[英]integer wrap-around not really understood
I have the following piece of code which is called approximately 100 times per second 我有以下代码,每秒大约调用100次
if (elapsed_centiseconds_mod_60000 < 59999) {
++elapsed_centiseconds_mod_60000;
} else {
elapsed_centiseconds_mod_60000 = 0;
}
if (elapsed_centiseconds_mod_60000 % 6000 == 0) {
++elapsed_minutes;
}
The types of the variables and constants are 变量和常量的类型是
volatile uint16_t elapsed_centiseconds_mod_60000;
volatile uint8_t start_minute_mod_10;
const int8_t calibration_second = 5;
Then exactly once per second the following is called 然后每秒恰好一次调用以下内容
int16_t get_phase_deviation(uint8_t current_second, uint8_t current_minute_mod_10) {
int32_t deviation=
(int32_t) elapsed_centiseconds_mod_60000 -
((int32_t) current_second + (int32_t)600 - (int32_t)calibration_second) * (int32_t) 100 -
((int32_t) current_minute_mod_10 + (int32_t) 60 - (int32_t)start_minute_mod_10)* (int32_t)6000;
deviation %= 60000;
return (int16_t)(deviation<=30000? deviation: deviation-60000);
}
The idea of the code is to detect relative frequency error of two oscillators. 代码的思想是检测两个振荡器的相对频率误差。 However the code does not work as expected.
但是代码不能按预期工作。 It will start to output a deviation of zero.
它将开始输出零偏差。 But once the elapsed centiseconds are one more than they should it will jump immediately to an output of 5537 which coincidences with 2^16 % 60000 + 1. I tried to cast the intermediate values to int32_t but still the issue sticks.
但是一旦经过的百分之一比它们应该的那么多,它将立即跳到5537的输出,这与2 ^ 16%60000 + 1重合。我试图将中间值转换为int32_t,但问题仍然存在。 Usually the issue appears after 100 seconds or 10 000 centiseconds.
通常问题出现在100秒或10 000厘秒之后。 I suspect some wrap around issue but I fail to see it.
我怀疑有一些问题,但我没有看到它。
Has anyone any idea which term is causing this and why? 有谁知道哪个术语导致这个以及为什么?
You are incorrectly casting the return value of get_phase_deviation()

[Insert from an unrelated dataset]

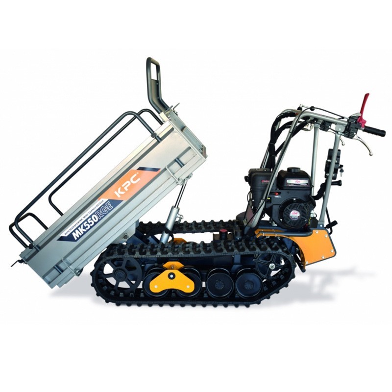 L'MK550 RGE è un modello di gamma professionale, uno dei migliori carrelli elevatori cingoli sul mercato. Ha una capacità di carico massima di 550 kg con un sistema di ribaltamento idraulico per facilitare lo scarico e dispone anche di un sistema di avviamento elettrico.

as the range of deviation %= 60000
is -59999 to 59999
( not 0 to 59999
). 您错误地转换了
get_phase_deviation()
的返回值,因为deviation %= 60000
范围deviation %= 60000
是-59999 to 59999
( 不是 0 to 59999
-59999 to 59999
)。 You should change the line: 你应该改变这一行:
return (int16_t)(deviation<=30000? deviation: deviation-60000);
to correctly deal with deviation <= -30000 as is appropriate or change the return type to int32_t
. 正确处理偏差<= -30000或将返回类型更改为
int32_t
。
Looking at the specific cases to understand the numbers you were getting, assuming: 查看具体案例以了解您获得的数字,假设:
calibration_second = 0;
start_minute_mod_10 = 0;
Then for a perfect system get_phase_deviation()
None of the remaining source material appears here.